• **DATA SUPPLIED**:
-.-.-

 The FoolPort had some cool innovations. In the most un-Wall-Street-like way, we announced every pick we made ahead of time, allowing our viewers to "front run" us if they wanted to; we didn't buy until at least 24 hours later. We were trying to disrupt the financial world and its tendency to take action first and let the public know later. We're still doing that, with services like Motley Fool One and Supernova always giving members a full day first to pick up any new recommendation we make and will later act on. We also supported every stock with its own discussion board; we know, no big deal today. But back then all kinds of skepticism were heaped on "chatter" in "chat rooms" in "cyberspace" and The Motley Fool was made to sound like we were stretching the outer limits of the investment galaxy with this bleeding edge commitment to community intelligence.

-.-.-

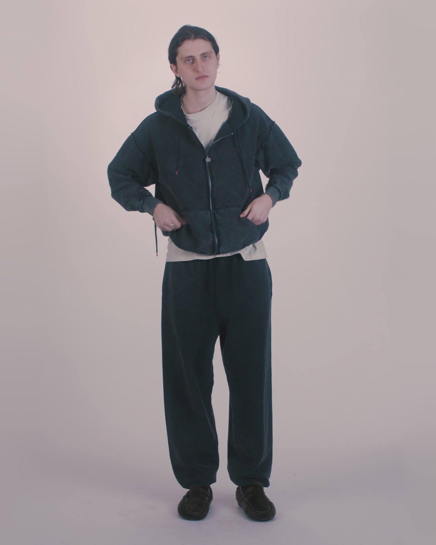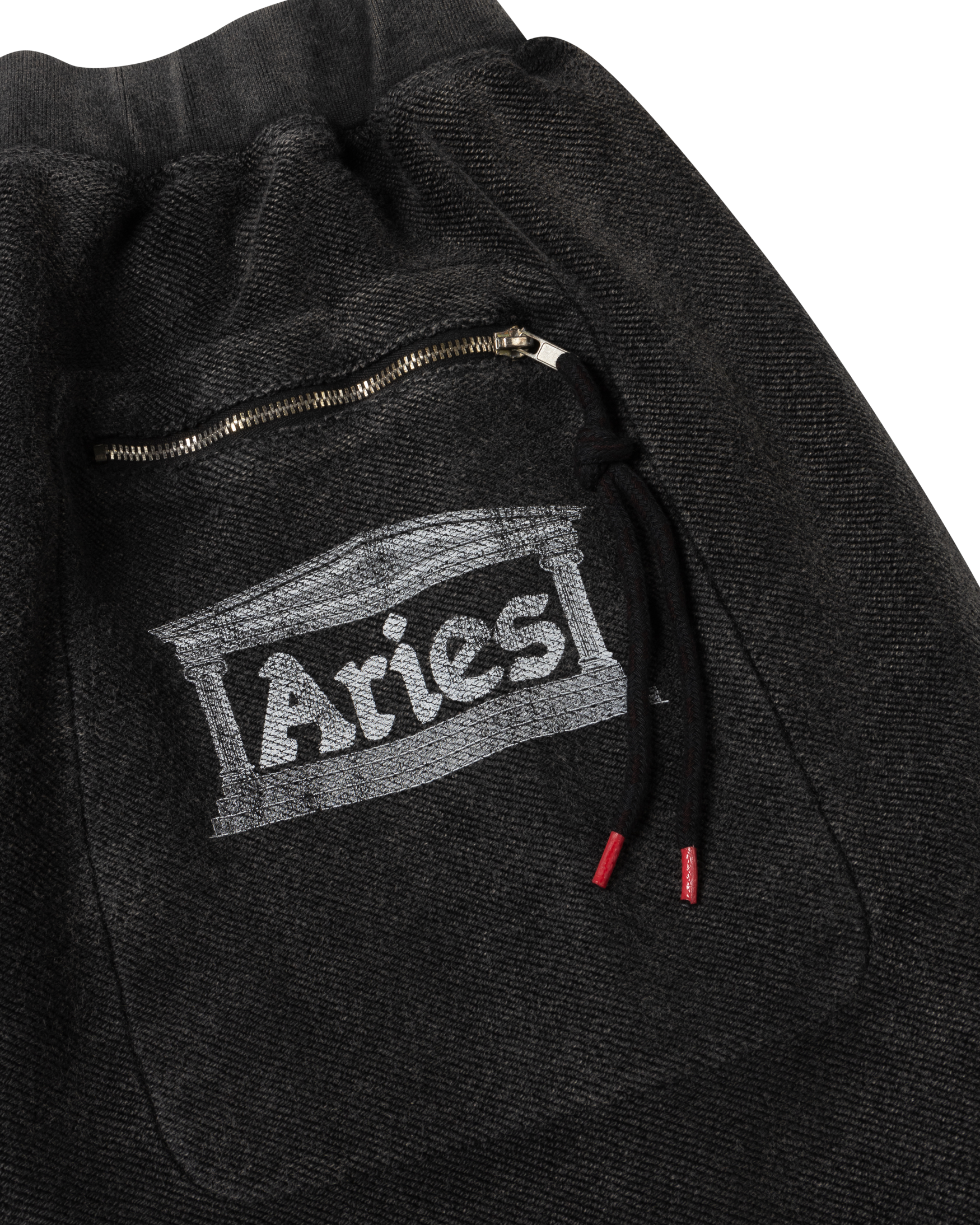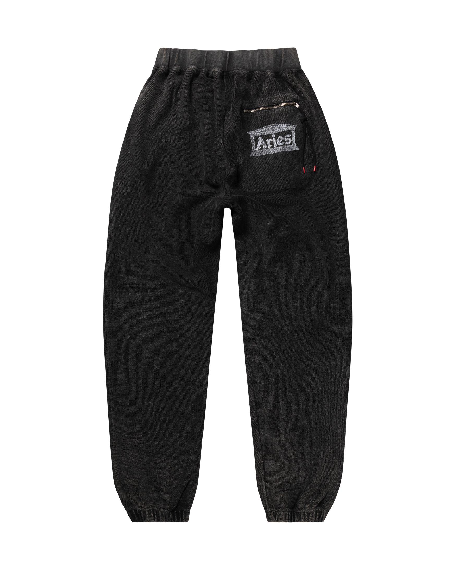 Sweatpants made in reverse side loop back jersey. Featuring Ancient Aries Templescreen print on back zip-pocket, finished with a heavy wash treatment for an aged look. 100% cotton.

-.-.-

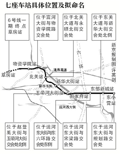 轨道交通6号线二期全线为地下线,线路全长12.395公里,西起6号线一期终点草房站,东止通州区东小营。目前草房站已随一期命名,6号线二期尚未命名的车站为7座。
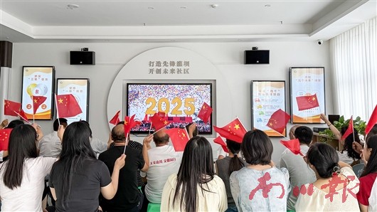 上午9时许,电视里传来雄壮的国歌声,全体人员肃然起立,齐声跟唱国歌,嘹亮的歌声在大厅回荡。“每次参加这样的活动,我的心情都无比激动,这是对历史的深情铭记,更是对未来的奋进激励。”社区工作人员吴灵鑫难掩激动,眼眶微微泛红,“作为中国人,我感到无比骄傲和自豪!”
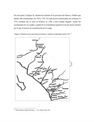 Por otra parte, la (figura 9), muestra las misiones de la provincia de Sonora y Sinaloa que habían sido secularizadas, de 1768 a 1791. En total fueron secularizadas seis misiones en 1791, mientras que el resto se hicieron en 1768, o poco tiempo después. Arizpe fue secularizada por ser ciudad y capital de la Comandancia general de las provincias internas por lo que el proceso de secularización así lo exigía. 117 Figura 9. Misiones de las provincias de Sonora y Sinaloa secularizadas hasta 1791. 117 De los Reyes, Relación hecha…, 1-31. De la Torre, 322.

-.-.-

• **TASK DIRECTIONS**: Copy word for word only the lines above from the one with "轨道交通6号线二期全线为地下" through the one with "上午9时许,电视里传来雄壮的". Leave pictures out.

• **SOLVED PROBLEM**:
 轨道交通6号线二期全线为地下线,线路全长12.395公里,西起6号线一期终点草房站,东止通州区东小营。目前草房站已随一期命名,6号线二期尚未命名的车站为7座。
 上午9时许,电视里传来雄壮的国歌声,全体人员肃然起立,齐声跟唱国歌,嘹亮的歌声在大厅回荡。“每次参加这样的活动,我的心情都无比激动,这是对历史的深情铭记,更是对未来的奋进激励。”社区工作人员吴灵鑫难掩激动,眼眶微微泛红,“作为中国人,我感到无比骄傲和自豪!”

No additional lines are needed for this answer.